She stood on the balcony of the house she shared with her lover, where she'd resided for nearly a year. Paris was the perfect backdrop for such an affair. The city had an air of seduction and romance, one that asked her not to ponder the "whys" but to indulge in the "why nots." It told her to take pleasure in her fleshly decadence. She wasn't the same woman she'd been a year ago, and the world was hers for the taking. Her regrets had no place in Paris. She still wasn't sure if she was thankful for that or not.

Sometimes, she wondered if Logan was happy now, wherever he was. The violent confrontation from a year ago had left her mentally and physically scarred. In her heart, at the time, she'd known that it would only intensify. Logan often acted rashly, and she still questioned what made her think that he would accept this. She decided to let things take its natural course rather than to defer the catastrophe because of her own self-imposed ignorance.

The dark glares, the enraged arguments, that followed were warnings she chose not to heed. She watched him wither; she watched a piece of him die. And she did _nothing_. She'd willingly stood by and watched this horror unfold. Perhaps she could've been more active in changing the events of that night, but she tried to stay faithful to the adage that everything happened for a reason.
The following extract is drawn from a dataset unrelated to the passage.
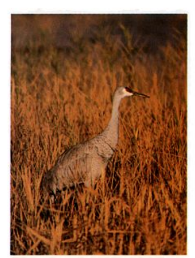
Birders and others interested in wildlife come to the Festival of the Cranes at the Bosque del Apache National Wildlife Refuge in New Mexico. Above, a Sandhill Crane.

Many advocates of ecotourism believe education will address these con-

He meant to kill her that night; he meant to kill them both—her and her lover. Had he been successful, maybe he would've killed himself, _if_ such a thing were possible. She ran her fingers across the puckered skin on her abdomen—reminder scars—before pulling her robe closed. She didn't like to think about that night. It was such an ugly memory that she tried to keep hidden safely in her mental closet.

She sat in one of the lounges, concentrating on the atmospheric changes taking place around her. Paris was her rebirth, her chance to remodel herself. She purged her old life in favor of this new and unfamiliar world. She looked through different eyes—not those of the nurturer but those of a different type of goddess, one who used her wiles and charms to bring the world to its knees. She was Aphrodite, born of thunder and lightning in lieu of the sea.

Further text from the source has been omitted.